Re: [PATCH] KVM: Use thread debug register storage instead of kvm specific data

2009-09-01 Thread Jan Kiszka
Avi Kivity wrote:
> Instead of saving the debug registers from the processor to a kvm data
> structure, rely in the debug registers stored in the thread structure.
> This allows us not to save dr6 and dr7.
> 
> Reduces lightweight vmexit cost by 350 cycles, or 11 percent.
> 
> Signed-off-by: Avi Kivity 
> ---
>  arch/x86/include/asm/kvm_host.h |3 ---
>  arch/x86/kvm/x86.c  |   22 +++---
>  2 files changed, 7 insertions(+), 18 deletions(-)
> 
> diff --git a/arch/x86/include/asm/kvm_host.h b/arch/x86/include/asm/kvm_host.h
> index 6046e6f..45226f0 100644
> --- a/arch/x86/include/asm/kvm_host.h
> +++ b/arch/x86/include/asm/kvm_host.h
> @@ -362,9 +362,6 @@ struct kvm_vcpu_arch {
>   u32 pat;
>  
>   int switch_db_regs;
> - unsigned long host_db[KVM_NR_DB_REGS];
> - unsigned long host_dr6;
> - unsigned long host_dr7;
>   unsigned long db[KVM_NR_DB_REGS];
>   unsigned long dr6;
>   unsigned long dr7;
> diff --git a/arch/x86/kvm/x86.c b/arch/x86/kvm/x86.c
> index 891234b..9e3acbd 100644
> --- a/arch/x86/kvm/x86.c
> +++ b/arch/x86/kvm/x86.c
> @@ -3627,14 +3627,7 @@ static int vcpu_enter_guest(struct kvm_vcpu *vcpu)
>  
>   kvm_guest_enter();
>  
> - get_debugreg(vcpu->arch.host_dr6, 6);
> - get_debugreg(vcpu->arch.host_dr7, 7);
>   if (unlikely(vcpu->arch.switch_db_regs)) {
> - get_debugreg(vcpu->arch.host_db[0], 0);
> - get_debugreg(vcpu->arch.host_db[1], 1);
> - get_debugreg(vcpu->arch.host_db[2], 2);
> - get_debugreg(vcpu->arch.host_db[3], 3);
> -

I'm fine with this for the common case, but we should switch to the safe
pattern on test_thread_flag(TIF_DEBUG), ie. if someone debugs qemu using
hardware break/watchpoints.

>   set_debugreg(0, 7);
>   set_debugreg(vcpu->arch.eff_db[0], 0);
>   set_debugreg(vcpu->arch.eff_db[1], 1);
> @@ -3645,15 +3638,14 @@ static int vcpu_enter_guest(struct kvm_vcpu *vcpu)
>   trace_kvm_entry(vcpu->vcpu_id);
>   kvm_x86_ops->run(vcpu);
>  
> - if (unlikely(vcpu->arch.switch_db_regs)) {
> - set_debugreg(0, 7);
> - set_debugreg(vcpu->arch.host_db[0], 0);
> - set_debugreg(vcpu->arch.host_db[1], 1);
> - set_debugreg(vcpu->arch.host_db[2], 2);
> - set_debugreg(vcpu->arch.host_db[3], 3);
> + if (unlikely(vcpu->arch.switch_db_regs || test_thread_flag(TIF_DEBUG))) 
> {

IIRC, you must clear dr7 before loading dr0..3 to avoid spurious effects.
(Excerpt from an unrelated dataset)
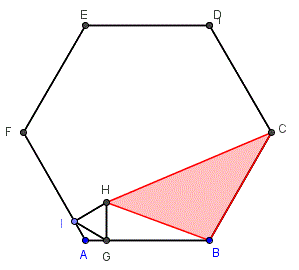 Quesito n° 19: Quanto misura l'area del triangolo BCH sapendo che l'area dell'esagono regolare misura 30 cm2 e il triangolo GHI è equilatero?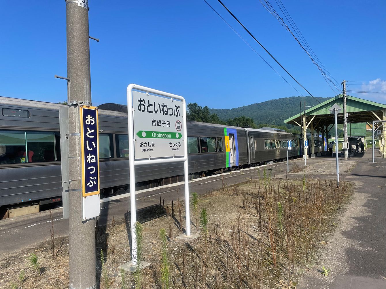 夏の晴れ渡る青空の下、音威子府駅に停車中の特急サロベツ

> + set_debugreg(current->thread.debugreg0, 0);
> + set_debugreg(current->thread.debugreg1, 1);
> + set_debugreg(current->thread.debugreg2, 2);
> + set_debugreg(current->thread.debugreg3, 3);
> + set_debugreg(current->thread.debugreg6, 6);
> + set_debugreg(current->thread.debugreg7, 7);
>   }
> - set_debugreg(vcpu->arch.host_dr6, 6);
> - set_debugreg(vcpu->arch.host_dr7, 7);

Unless I miss something ATM, moving this into the if-clause should cause
troubles if the guest leaves dr7 armed behind. But I need to refresh my
memory on this.

>  
>   set_bit(KVM_REQ_KICK, &vcpu->requests);
>   local_irq_enable();

Jan

-- 
Siemens AG, Corporate Technology, CT SE 2
Corporate Competence Center Embedded Linux
--
To unsubscribe from this list: send the line "unsubscribe kvm" in
the body of a message to majord...@vger.kernel.org
More majordomo info at  http://vger.kernel.org/majordomo-info.html


Re: [PATCH] KVM: Use thread debug register storage instead of kvm specific data

2009-09-01 Thread Avi Kivity

On 09/01/2009 12:44 PM, Avi Kivity wrote:

Instead of saving the debug registers from the processor to a kvm data
structure, rely in the debug registers stored in the thread structure.
This allows us not to save dr6 and dr7.

Reduces lightweight vmexit cost by 350 cycles, or 11 percent.
   


Andrew, this is now available as the 'debugreg' branch of kvm.git.  
Given the massive performance improvement, it will be interesting to see 
how the test results change.


Marcelo, please queue this for 2.6.32, and I think it's even suitable 
for -stable.


--
error compiling committee.c: too many arguments to function

--
To unsubscribe from this list: send the line "unsubscribe kvm" in
the body of a message to majord...@vger.kernel.org
More majordomo info at  http://vger.kernel.org/majordomo-info.html


[PATCH] KVM: Use thread debug register storage instead of kvm specific data

2009-09-01 Thread Avi Kivity
Instead of saving the debug registers from the processor to a kvm data
structure, rely in the debug registers stored in the thread structure.
This allows us not to save dr6 and dr7.

Reduces lightweight vmexit cost by 350 cycles, or 11 percent.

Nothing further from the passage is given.